» Task instructions: Your output should be the lines below from the one holding "The Lela Pleated" through the one holding "Blazer: & Other", transcribed exactly, with no pictures.
#### Recorded data
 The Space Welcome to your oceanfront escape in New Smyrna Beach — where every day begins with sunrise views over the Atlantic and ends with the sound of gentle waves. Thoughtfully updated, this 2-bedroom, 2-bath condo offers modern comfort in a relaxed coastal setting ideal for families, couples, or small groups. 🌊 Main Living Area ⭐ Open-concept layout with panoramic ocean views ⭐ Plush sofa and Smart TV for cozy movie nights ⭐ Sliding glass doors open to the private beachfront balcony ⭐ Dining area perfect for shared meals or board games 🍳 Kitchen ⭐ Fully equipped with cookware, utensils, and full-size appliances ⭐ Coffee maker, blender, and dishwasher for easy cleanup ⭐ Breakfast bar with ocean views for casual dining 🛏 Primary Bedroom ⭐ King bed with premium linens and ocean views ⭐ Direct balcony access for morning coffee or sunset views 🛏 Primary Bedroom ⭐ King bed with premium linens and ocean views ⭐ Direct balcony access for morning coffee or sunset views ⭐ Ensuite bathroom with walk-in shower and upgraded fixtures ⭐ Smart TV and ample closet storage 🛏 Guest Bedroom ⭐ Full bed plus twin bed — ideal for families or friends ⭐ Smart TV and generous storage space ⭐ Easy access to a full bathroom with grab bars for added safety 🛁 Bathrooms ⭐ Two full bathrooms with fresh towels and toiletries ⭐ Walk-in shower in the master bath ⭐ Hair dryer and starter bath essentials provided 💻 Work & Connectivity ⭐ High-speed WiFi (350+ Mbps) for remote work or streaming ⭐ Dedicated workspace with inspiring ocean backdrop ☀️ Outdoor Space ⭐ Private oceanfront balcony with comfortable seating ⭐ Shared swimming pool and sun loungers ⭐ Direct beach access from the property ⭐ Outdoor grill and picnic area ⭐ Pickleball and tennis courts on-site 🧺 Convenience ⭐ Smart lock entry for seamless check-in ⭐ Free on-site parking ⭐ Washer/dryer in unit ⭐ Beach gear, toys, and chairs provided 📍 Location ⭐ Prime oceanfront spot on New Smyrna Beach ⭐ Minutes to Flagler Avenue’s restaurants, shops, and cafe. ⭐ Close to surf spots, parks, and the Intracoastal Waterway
########
#### Recorded data
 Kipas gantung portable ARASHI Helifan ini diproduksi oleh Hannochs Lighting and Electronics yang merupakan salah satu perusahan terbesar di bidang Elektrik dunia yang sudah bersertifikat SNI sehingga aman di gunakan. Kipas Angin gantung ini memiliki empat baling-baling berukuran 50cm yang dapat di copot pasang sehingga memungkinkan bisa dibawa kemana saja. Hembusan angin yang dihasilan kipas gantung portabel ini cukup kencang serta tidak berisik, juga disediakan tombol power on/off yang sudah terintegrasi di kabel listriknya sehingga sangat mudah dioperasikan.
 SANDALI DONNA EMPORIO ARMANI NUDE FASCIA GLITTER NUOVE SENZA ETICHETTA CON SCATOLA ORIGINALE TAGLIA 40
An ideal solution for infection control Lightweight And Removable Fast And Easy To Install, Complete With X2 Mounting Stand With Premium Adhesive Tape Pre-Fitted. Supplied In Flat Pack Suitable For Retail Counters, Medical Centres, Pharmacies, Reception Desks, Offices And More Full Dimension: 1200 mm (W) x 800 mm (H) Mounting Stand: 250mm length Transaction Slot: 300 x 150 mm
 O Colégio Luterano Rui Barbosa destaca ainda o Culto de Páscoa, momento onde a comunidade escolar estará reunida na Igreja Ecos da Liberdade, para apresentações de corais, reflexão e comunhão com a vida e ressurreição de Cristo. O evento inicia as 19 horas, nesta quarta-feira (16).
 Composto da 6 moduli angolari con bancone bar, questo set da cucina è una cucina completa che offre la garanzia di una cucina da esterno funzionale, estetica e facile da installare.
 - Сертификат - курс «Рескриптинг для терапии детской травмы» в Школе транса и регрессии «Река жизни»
########
#### Recorded data
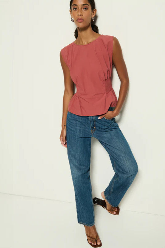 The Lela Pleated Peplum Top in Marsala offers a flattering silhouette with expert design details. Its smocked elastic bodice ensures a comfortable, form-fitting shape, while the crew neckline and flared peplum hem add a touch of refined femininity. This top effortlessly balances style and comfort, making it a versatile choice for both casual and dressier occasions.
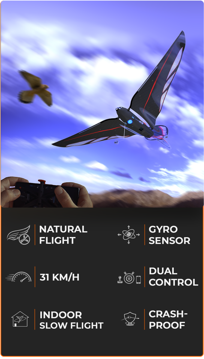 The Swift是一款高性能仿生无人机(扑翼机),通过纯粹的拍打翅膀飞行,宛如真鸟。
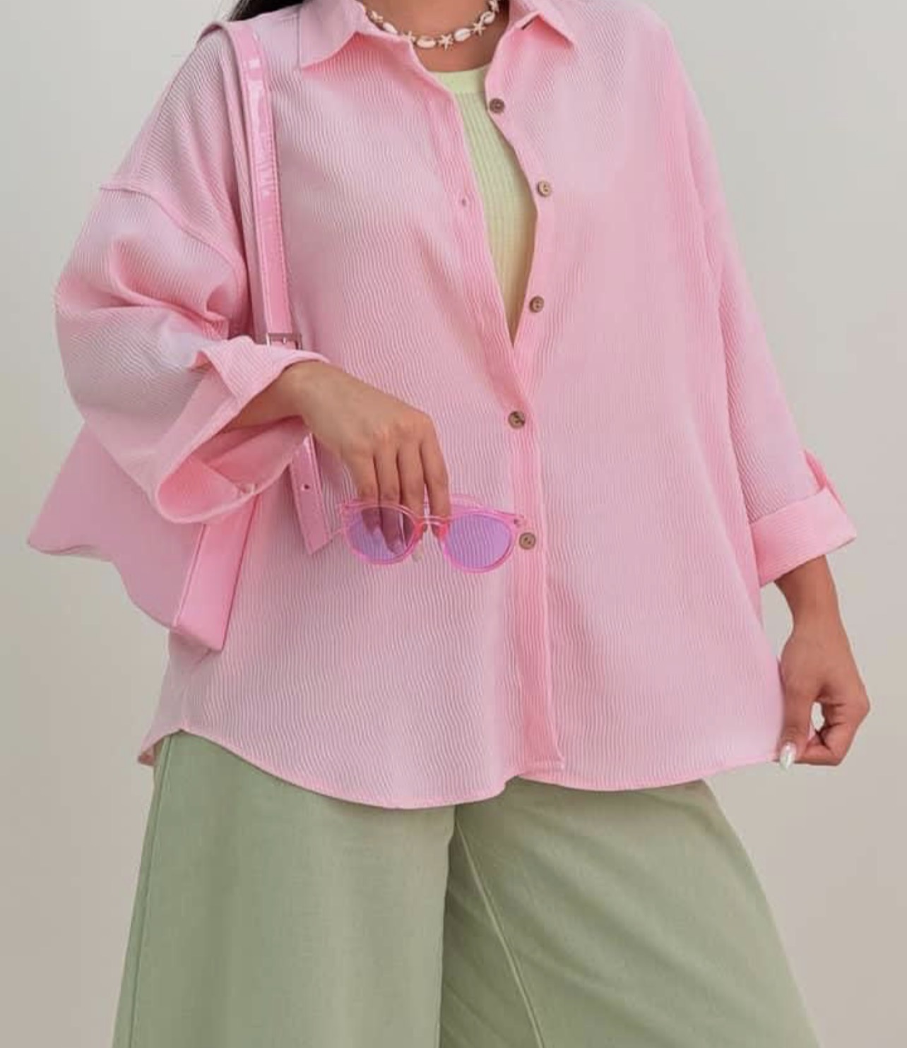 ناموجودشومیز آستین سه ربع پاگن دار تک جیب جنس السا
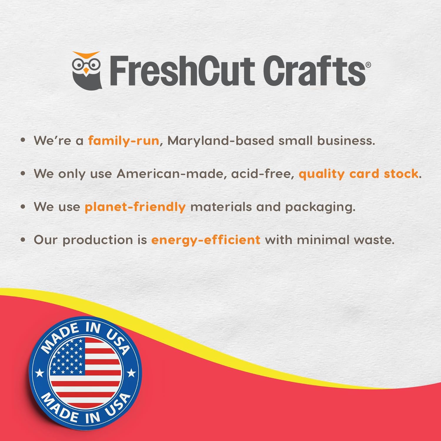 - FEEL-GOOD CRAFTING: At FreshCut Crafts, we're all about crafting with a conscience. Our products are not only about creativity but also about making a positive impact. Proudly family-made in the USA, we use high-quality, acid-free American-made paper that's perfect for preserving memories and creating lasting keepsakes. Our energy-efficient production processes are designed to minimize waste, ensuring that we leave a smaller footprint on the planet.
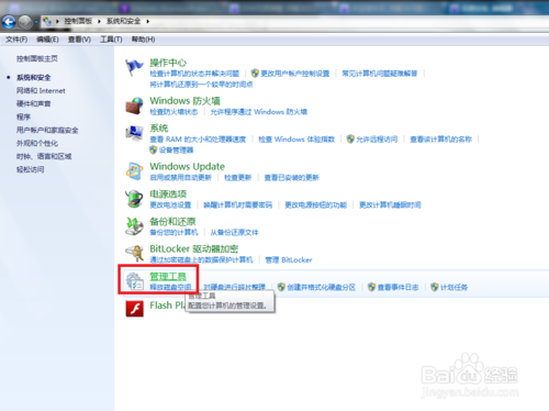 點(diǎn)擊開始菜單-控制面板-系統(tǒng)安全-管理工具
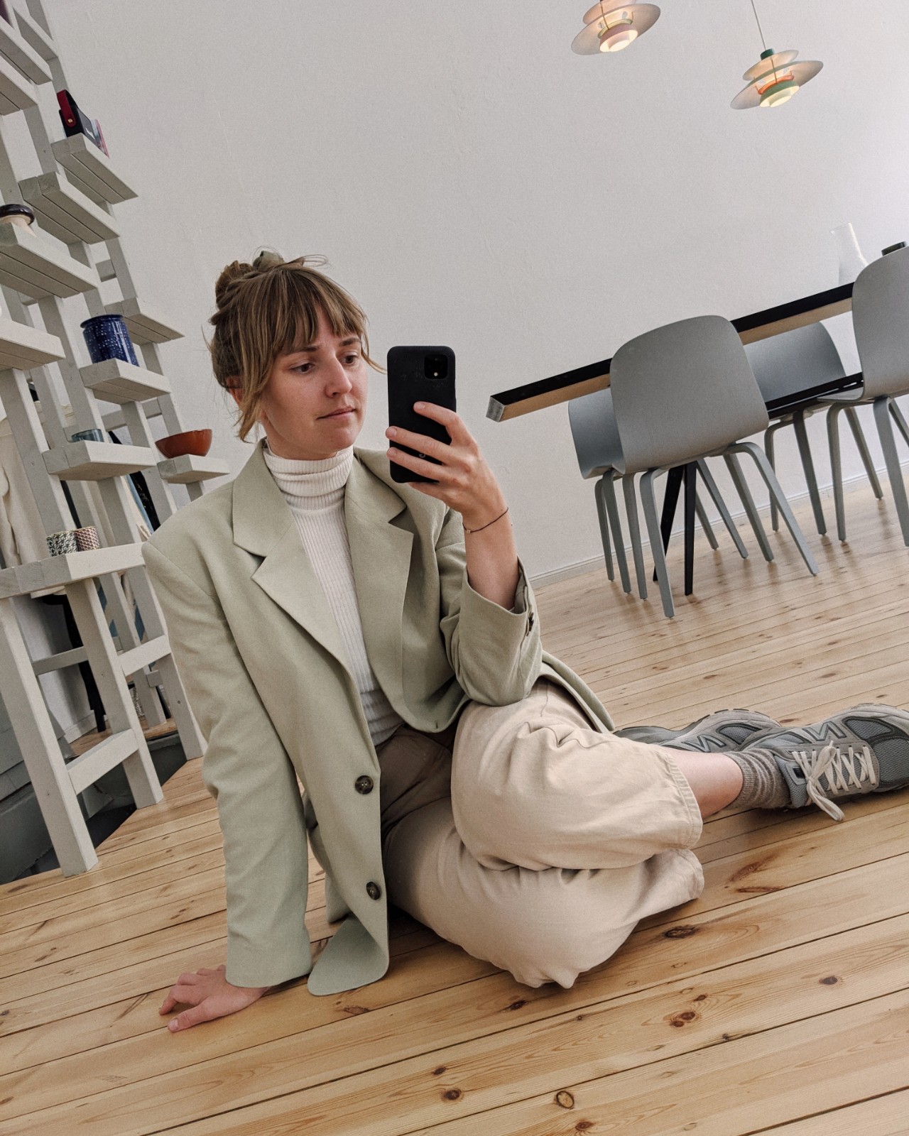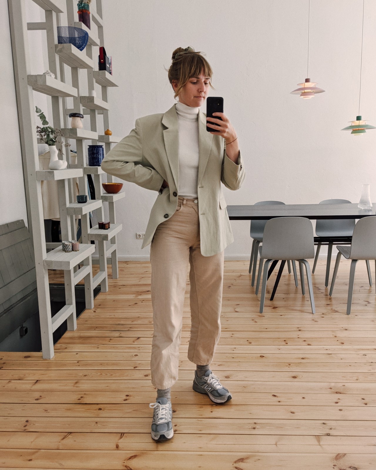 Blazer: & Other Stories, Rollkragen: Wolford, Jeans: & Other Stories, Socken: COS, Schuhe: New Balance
########
» Exercise answer:
 The Lela Pleated Peplum Top in Marsala offers a flattering silhouette with expert design details. Its smocked elastic bodice ensures a comfortable, form-fitting shape, while the crew neckline and flared peplum hem add a touch of refined femininity. This top effortlessly balances style and comfort, making it a versatile choice for both casual and dressier occasions.
 The Swift是一款高性能仿生无人机(扑翼机),通过纯粹的拍打翅膀飞行,宛如真鸟。
 ناموجودشومیز آستین سه ربع پاگن دار تک جیب جنس السا
 - FEEL-GOOD CRAFTING: At FreshCut Crafts, we're all about crafting with a conscience. Our products are not only about creativity but also about making a positive impact. Proudly family-made in the USA, we use high-quality, acid-free American-made paper that's perfect for preserving memories and creating lasting keepsakes. Our energy-efficient production processes are designed to minimize waste, ensuring that we leave a smaller footprint on the planet.
 點(diǎn)擊開始菜單-控制面板-系統(tǒng)安全-管理工具
 Blazer: & Other Stories, Rollkragen: Wolford, Jeans: & Other Stories, Socken: COS, Schuhe: New Balance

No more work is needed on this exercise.